We can see in this example how a scene can support patterns of male and female behaviour that are conventional within society more generally. Yet through dance activities and events some people - like the young women in Malawi - are able to occasionally challenge or resist those conventions.

Dance, with its link to pleasure and power, has been fundamental to societies and cultures across the world and a focal point for many music scenes. They include scenes as varied as the tango scenes of Helsinki and Buenos Aires, the samba scenes of Rio de Janeiro, the reggaeton scene of Havana and the northern soul scenes of Wigan and Manchester.

Liverpool has hosted a diversity of dance scenes. Local dance halls like the Locarno and the Grafton have provided a focal point for some of these scenes.
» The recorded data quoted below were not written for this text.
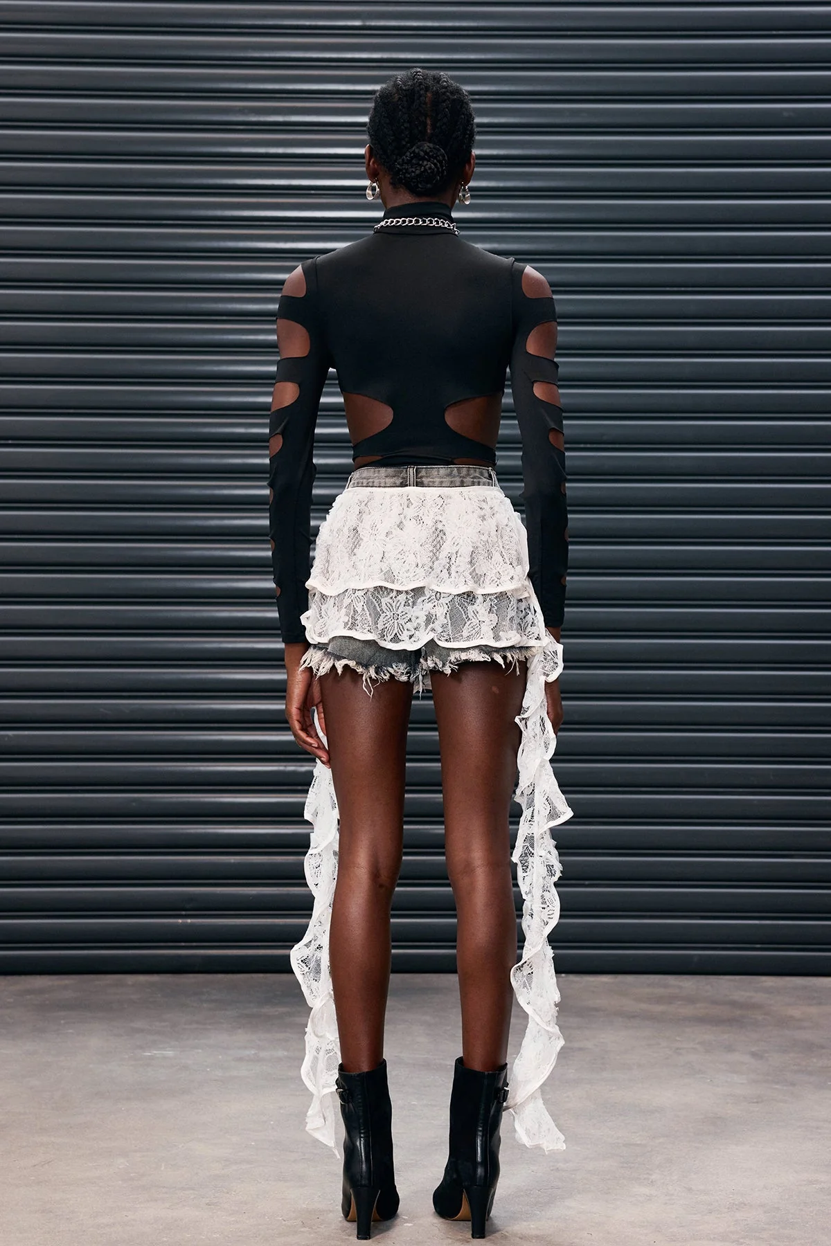 Elevate your denim collection with our Black Lace-Up Fringe Denim Shorts. These trendy and chic shorts feature lace-up detailing with fringe accents for a stylish flair. Embrace a boho-chic vibe effortlessly. Crafted from durable black denim (50% Polyester, 50% Cotton) for long-lasting comfort. Please note, color may vary due to image lighting. Machine wash gently for easy care.
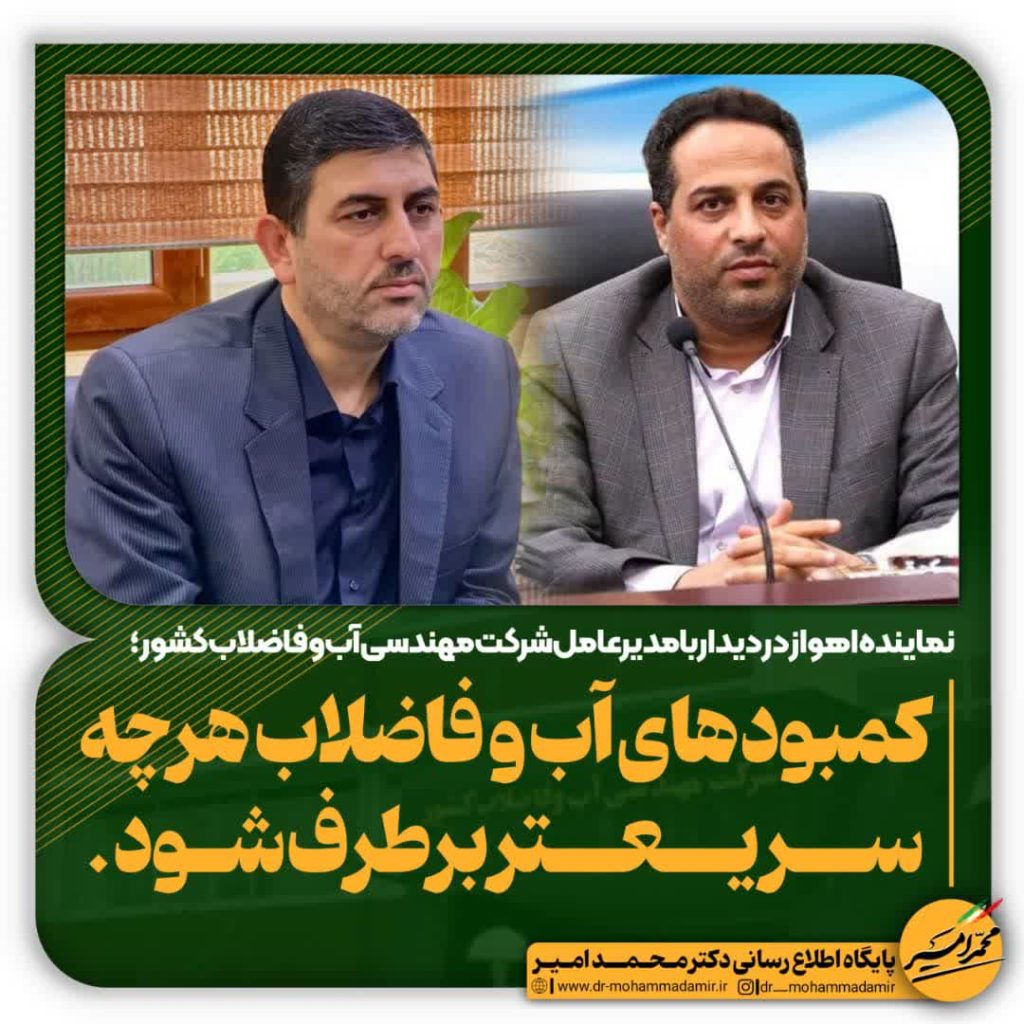 دکتر محمد امیر نماینده مردم شریف اهواز،باوی،حمیدیه و کارون در مجلس شورای اسلامی در دیدار با مدیر عامل شرکت مهندسی آب و فاضلاب کشور: درخواست تأمین ساختمان اداری آبفا،لوله پلی اتیلن،ماشین آلات…
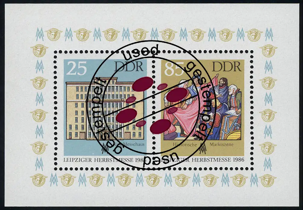 Block 85 Leipziger Messe d'automne 1986, avec cachet journalier
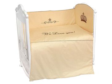 Состав комплекта (ШхГ): <br> Защитный бампер: 400 х 3600 мм.<br> Подушка: 400 х 600 мм.<br> Одеяло: 1060 х 1420 мм.<br> Простыня на резинке: 980 х 1450 мм.<br> Наволочка: 400 х 600 мм.<br> Пододеяльник: 1080 х 1450 мм.<br>
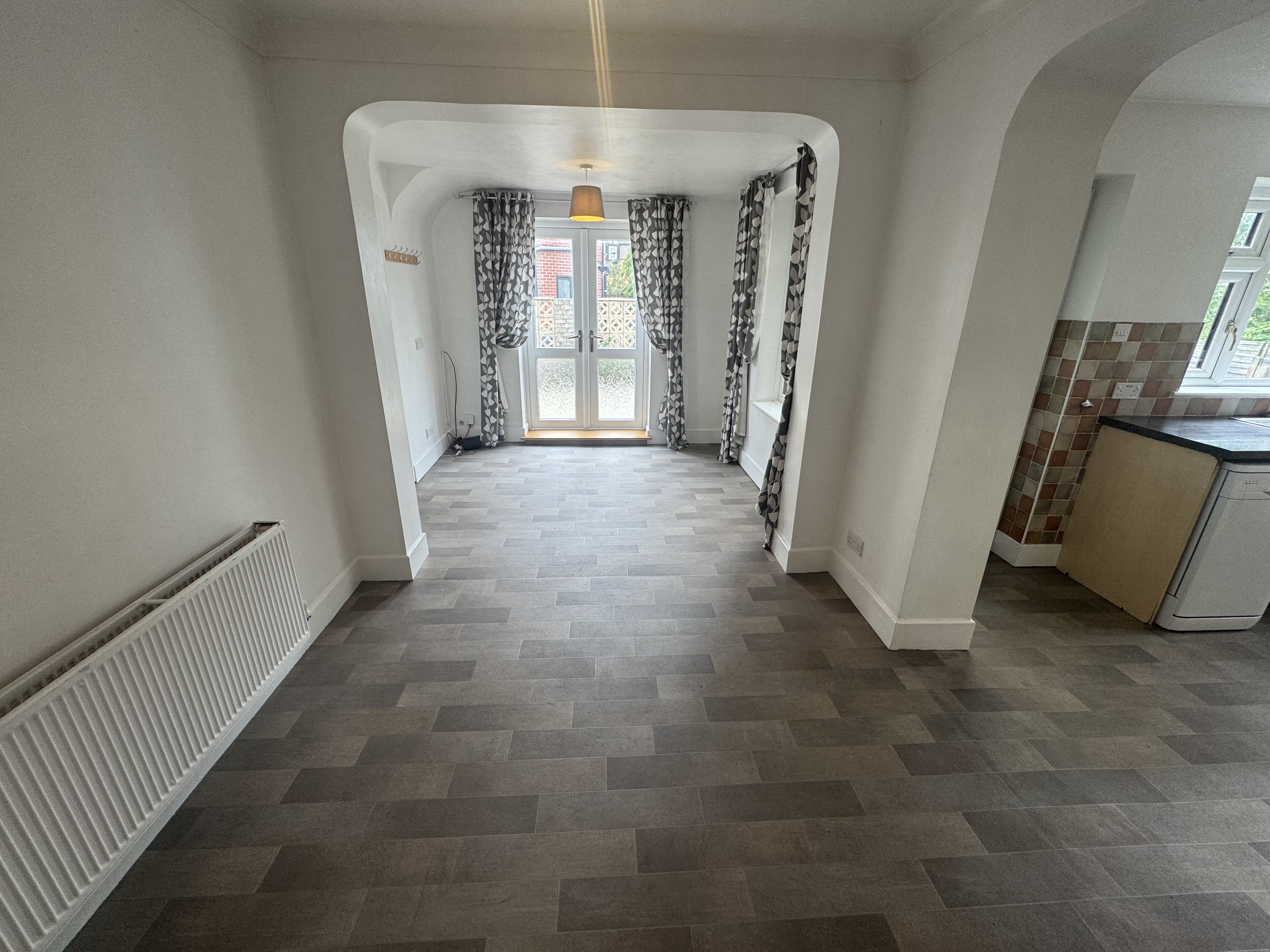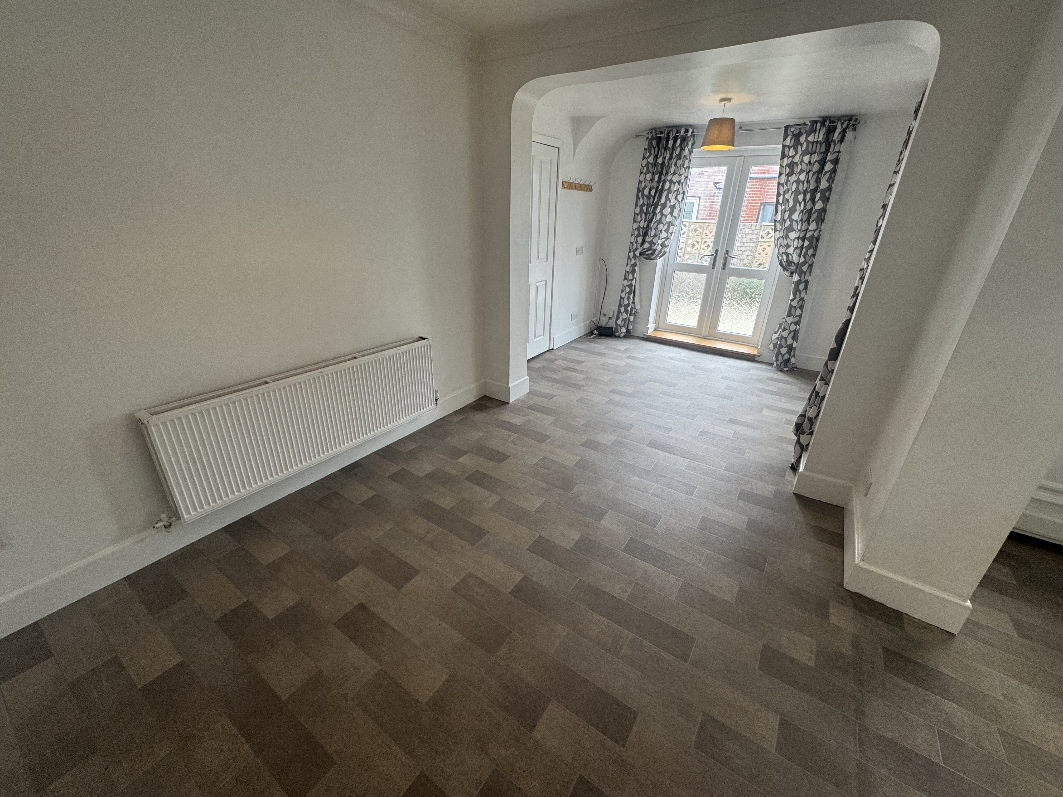 2nd Reception Room. 5.88m x 2.60m, UPVC Double glazed French doors to side, UPVC Double glazed window to rear porch, gas central heating radiator, open archway to kitchen.
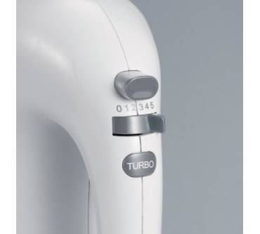 Der HM 3830 von Severin kommt mit einem Spiralkabel daher, das Ihnen ein flexibles Arbeiten erleichtern soll. Das schützt zwar vor Kabelsalat, schränkt aber den Aktionskreis etwas ein, wie Nutzer bemängeln. Punkten kann das Gerät mit 5 Geschwindigkeitsstufen, die Sie leicht einstellen bzw. wechseln. Für kurzzeitig höhere Drehzahlen können Sie zusätzlich einen Turbomodus aktivieren. Der Mixer ist kraftvoll und laut Test für größere Verarbeitungsmengen geeignet. Allerdings werden vom Hersteller als maximale Betriebszeit 4 Minuten angegeben, was beispielsweise bei Hefeteigen zu kurz ist. Danach muss der Severin für 20 Minuten abkühlen. Die bisherigen Rezensenten sind dennoch überwiegend zufrieden und vergeben zu 90 Prozent 4 bis 5 Sterne. Auch preislich ist der Severin nicht zu hoch angesetzt.
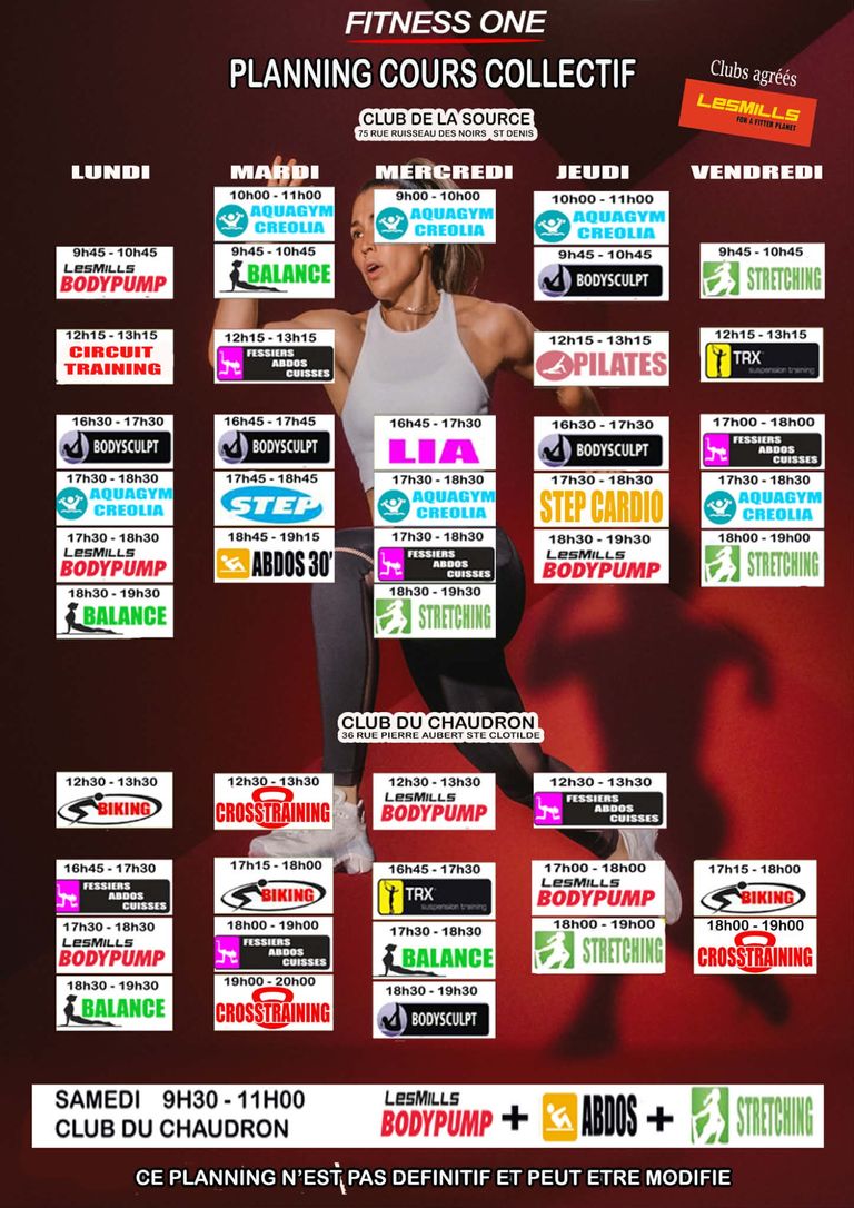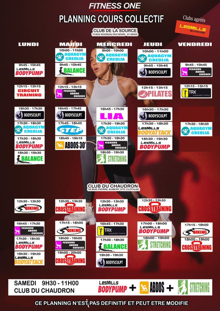 Renfo, cardio, dance, aqua, cross training, yoga, stretching, pilates et tout ça 6 jours sur 7 !!

The Grafton opened in 1924 to accommodate 1200 dancers. Dance band leaders Joe Loss and Victor Sylvester, American jazz band leader Duke Ellington and the Beatles all performed there and the hall is still in operation today.

During the 1920s the Grafton was a key venue for the flapper scene. The flappers were young women who went against the behaviour that was expected of them. They tended to wear short dresses and bobbed hair and to smoke and drink. They danced the Charleston, a new jazz style of dance that was introduced in 1924 and became the most popular dance of the 1920s.

During the 1930s couples danced the foxtrot and other steps at the Grafton to the music of local and visiting swing bands. During World War II the hall attracted American servicemen who met there with local girls, as told in the novel 'The Grafton Girls' (Groves, 2007). By the 1950s rock 'n' roll had arrived and the Grafton hosted groups involved with the local 'beat' scene and dance styles such as the jive and the twist.

"During the 1940s and 50s the Grafton was THE place to go. It had a sprung dancefloor and it would bounce when they jived on it. All the big bands used to come and play on there. My dad sung on the Grafton during the 50s... My mum said she only needed her hips replacing cos she wore them out jiving at the Grafton!"

By the early 1970s disc jockeys were replacing the live bands and the Grafton became part of the local disco scene. Later in the 1970s the Grafton's infamous Thursday 'grab a granny' night was launched.